Since the Napoleon Hat on my car isn't worth saving or repairing, I decided to find a donor part. I contacted the guy that I purchsed my donor heater channels from an he said he had a chassis that he would be willing to cut up and remove the Napoleon Hat for me. He did a good job cutting through the tunnel on the floor pan side and left about an inch of the tunnel from the flange where they are welded together. However, on the frame head side, he cut most of the flange away on half of it. I'm sure it was more difficult cutting through with tunnel on that side with the frame head bottom plate in the way. I don't think it will be much of an issue just cutting that section of the flange out and welding in a patch. My intention is to do just that.


As far as drilling out the spot welds and removing the tunnel and bottom plate of the frame head, it was very difficult. On the tunnel flange, the spot welds were hard to find in some areas.
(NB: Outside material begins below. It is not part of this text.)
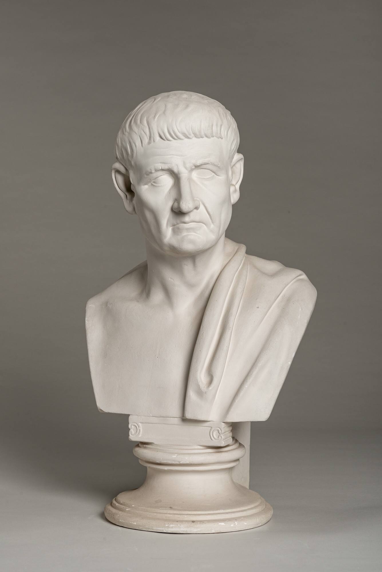 DescriptionDie Vorlage dieses Kopfes sitzt einer berühmten Sitzstatue, wohl eines Philosophen, im Palazzo Spada in Rom auf und wurde daher unter anderem mit Aristoteles identifiziert. Tatsächlich ist der Kopf ein der Statue nicht ursprünglich zugehöriges Privatporträt der frühaugusteischen Zeit.Object numberKLA-Gi-856

The flange and tunnel are of thick metal and the welds didn't make much of an indentation into the metal, but the welds penetrated all the way through the metal and held fast. Also, with the metal being so thick, it was difficult to pull the pieces apart or get them to move at all until all of the welds were cut or ground through. I had to cut and remove pieces of the tunnel to make it easier. Still, it was a difficult task. Several welds on the bottom of the Napoleon Hat where it was welded to the bottom plate of the frame head were so close together that the weld penetration formed one large weld. It was difficult to get the weld separated without taking a big chunk of the bottom flange out with it.
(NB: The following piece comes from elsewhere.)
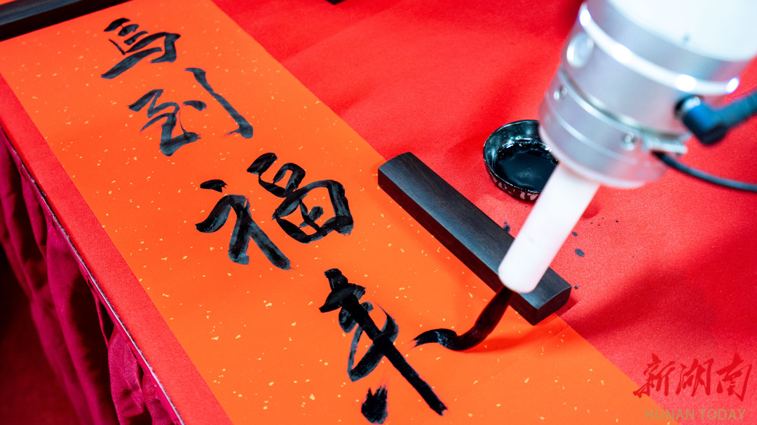 现场互动体验同样吸睛。智能书法机器人现场演示毛笔书写,数字化“写福机”则提供便捷的定制服务,市民可现场打印带有个人印记的专属“福”字。“传统+科技”的融合互动,让市民在领取祝福的同时,也亲身参与,把这份“新潮”年味带回家。

I'm not overly happy with this panel, to be honest. I think it is better than using a new reproduction panel as they don't fit well at all and have to be cut up and re-shaped, especially where it fits around the tunnel. But on the outer ends of the panel, someone drilled quite a few extra holes on both ends. I'm not quite sure why the extra holes were drilled through them or what that accomplished. They can be patched and filled, but there is also quite a bit of rust on the inside of them. I'll have to clean the whole panel up and see just how deep the rusts goes and if the structural integrity is compromised. It may be worth buying a new panel and chopping off the ends and grafting them on my donor panel. The shape and fit are still quite a bit different on the new panels, but I will try to repair the donor panel first and keep as much of the original metal as possible.